Je ne suis pas certain que Yoshida accorde beaucoup d’importance à son histoire. Histoire banale d’une femme mariée et mère, vivant dans la bonne bourgeoisie, qui a un amant bien plus jeune que lui, fiancé quant à lui. L’amant prend des photos de sa maîtresse dénudée et les négatifs sont volés. La femme va subir un chantage de la part du voleur. Le film joue sur les drames amoureux d’une femme seule qui espère un regard. Or ce regard ne sera plus apporté par son époux, ni par son amant mais bel et bien par son maître chanteur qui, à cause des négatifs subtilisés, va apporter un regard neuf sur elle et son corps dénudé.
Ce qui frappe le plus dans cet anti-drame de Yoshida c’est la manière de filmer sa compagne, l’actrice Mariko Okada. Ce n’est pas seulement qu’il la magnifie, c’est certainement qu’il crée pour elle un univers purement visuel d’où son personnage ne pourra pas s’échapper. Les dix premières minutes du Lac des femmes sont particulièrement étonnantes. Mariko est au lit avec son amant, elle veut partir et rentrer chez elle. La caméra tourne autour d’eux en plan séquence, filmant les corps nus puis les draps froissés, revenant aux corps de l’autre coté du lit. Séquence ultra blanche. L’amant prend des photos. On voit les clichés en plans fixes, très rapprochés du corps de Mariko. Comme une loupe tandis que les cartons du générique défilent. Mais les photos sont très sombres. Elle quitte la chambre, se retrouve dans la rue et là on touche presque à l’abstraction la plus totale.
Yoshida filme sa femme, oh oui, il la filme.
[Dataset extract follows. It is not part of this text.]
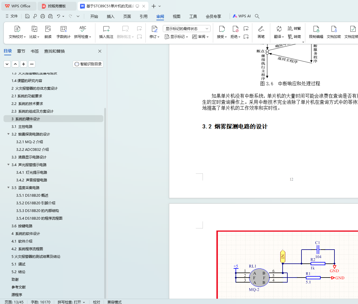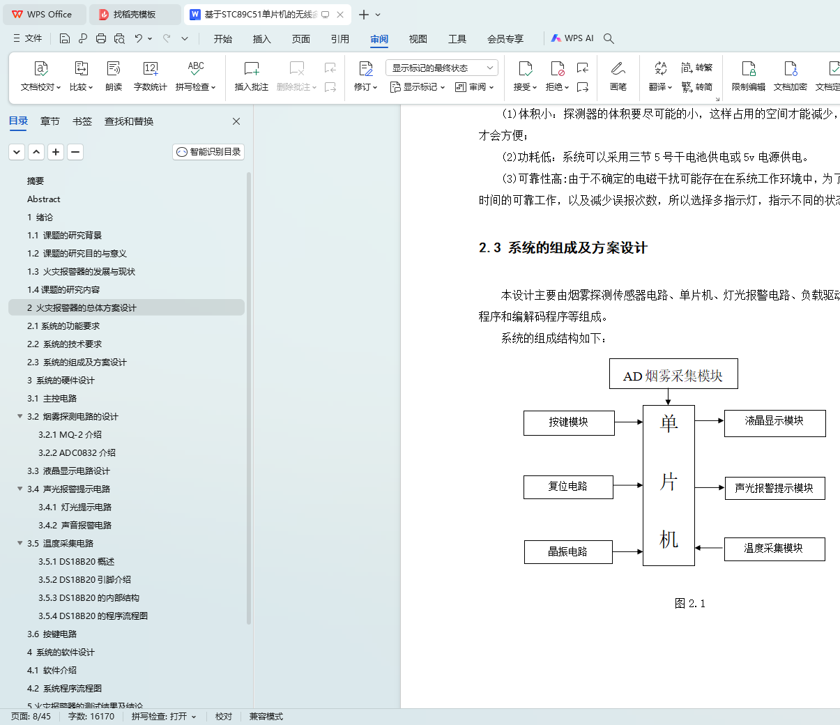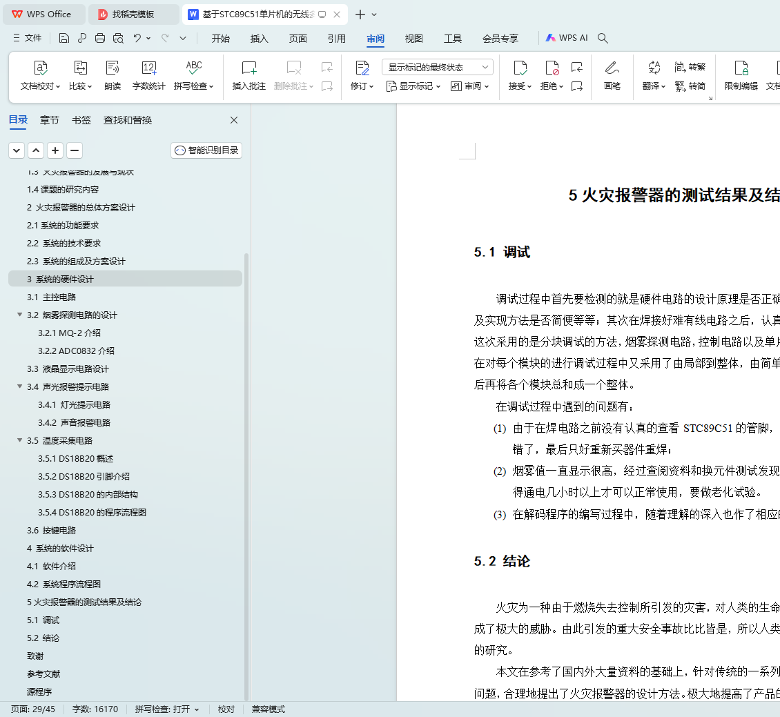 Key words: STC89C51 single-chip microcomputer; wireless transmission; intelligent fire alarm; gas sensor MQ-2; ADC0832 analog-to-digital converter; DS18B20 temperature sensor

Il la filme marchant dans la nuit noire mais il braque un projecteur sur son dos tandis qu’elle avance de dos loin de la caméra, puis il filme son visage avec seulement un halo de lumière dans la nuque. Ce sont des plans d’une grande beauté. Yoshida la filmera aussi de jour, dans une robe noire dans des petites ruelles très ensoleillées. Il développera ce contraste constamment tout au long du film, comme pour mieux révéler son ambivalence. Mais c’est son rapprochement avec le maître chanteur qui la fera changer et son caractère sera décelable selon les vêtements qu’elle porte (robe blanche ou noire), selon que son visage ou sa nuque est filmée et selon que la caméra est en plan large ou rapproché. Le récit bascule lors d’un étrange tournage de film au bord de la mer, près d’un bateau échoué.
Yoshida propose un film de pure mise en scène extrêmement formaliste sur un scénario somme toute très classique. J’ai pensé à la Magnani en voyant Mariko, et puis à Bergman, à Antonioni, à Godard parfois (le tournage du film) et aussi à Fellini (le vent). Mais c’est Yoshida.
Le Lac des femmes (女のみづうみ, Japon, 1966) Un film de Yoshishige Yoshida avec Mariko Okada, Shinsuke Ashida, Shigeru Tsuyuguchi, Tamotsu Hayakawa.